What you are asked to do =
Your output must be the lines below from the line containing "Während der Shop" to the line containing "I made this", both lines included, reproduced exactly and without pictures.

Entries provided =
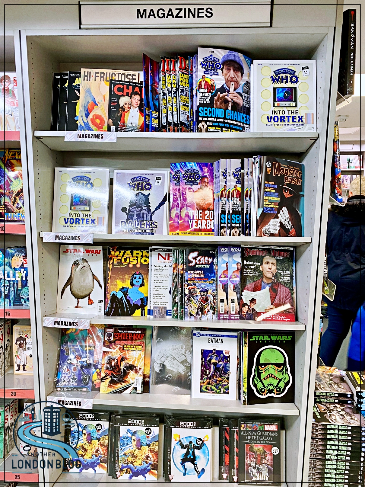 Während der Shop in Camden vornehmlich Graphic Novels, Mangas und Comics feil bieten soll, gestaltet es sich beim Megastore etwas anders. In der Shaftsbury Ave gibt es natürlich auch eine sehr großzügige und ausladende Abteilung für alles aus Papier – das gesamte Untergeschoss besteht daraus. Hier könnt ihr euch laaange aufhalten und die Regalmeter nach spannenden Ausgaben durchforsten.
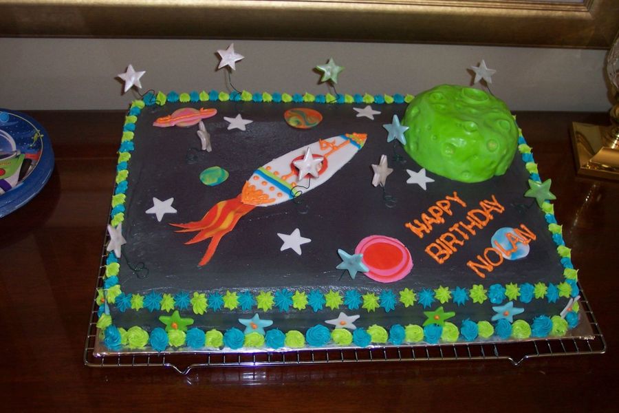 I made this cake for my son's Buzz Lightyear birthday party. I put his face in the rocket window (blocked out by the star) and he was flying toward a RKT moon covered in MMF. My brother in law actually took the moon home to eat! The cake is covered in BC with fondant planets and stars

---

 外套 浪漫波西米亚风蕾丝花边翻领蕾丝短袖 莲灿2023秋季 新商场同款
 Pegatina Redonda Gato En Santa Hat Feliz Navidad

==

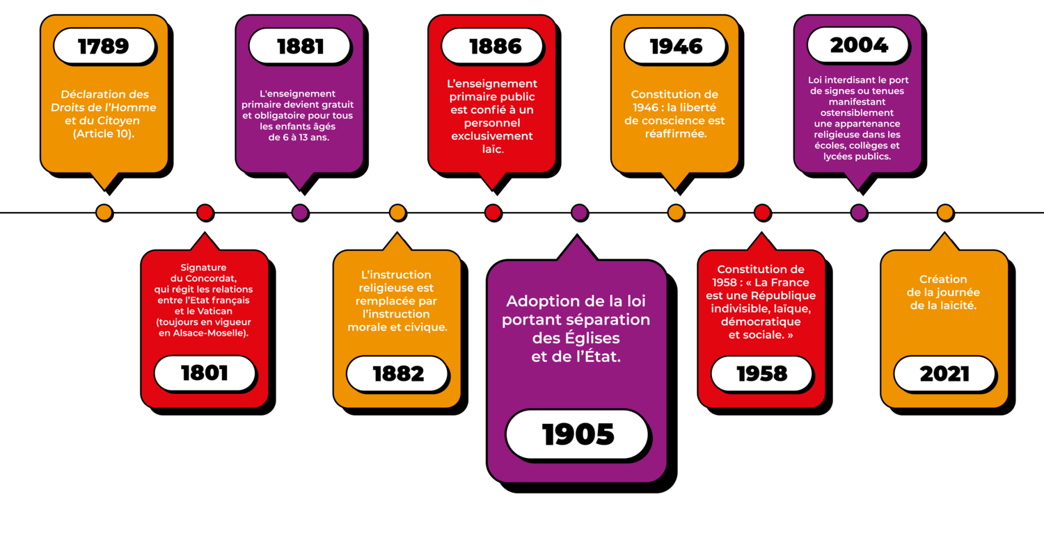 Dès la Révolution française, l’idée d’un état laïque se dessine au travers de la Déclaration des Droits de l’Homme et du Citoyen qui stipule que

Response to the exercise =
 Während der Shop in Camden vornehmlich Graphic Novels, Mangas und Comics feil bieten soll, gestaltet es sich beim Megastore etwas anders. In der Shaftsbury Ave gibt es natürlich auch eine sehr großzügige und ausladende Abteilung für alles aus Papier – das gesamte Untergeschoss besteht daraus. Hier könnt ihr euch laaange aufhalten und die Regalmeter nach spannenden Ausgaben durchforsten.
 I made this cake for my son's Buzz Lightyear birthday party. I put his face in the rocket window (blocked out by the star) and he was flying toward a RKT moon covered in MMF. My brother in law actually took the moon home to eat! The cake is covered in BC with fondant planets and stars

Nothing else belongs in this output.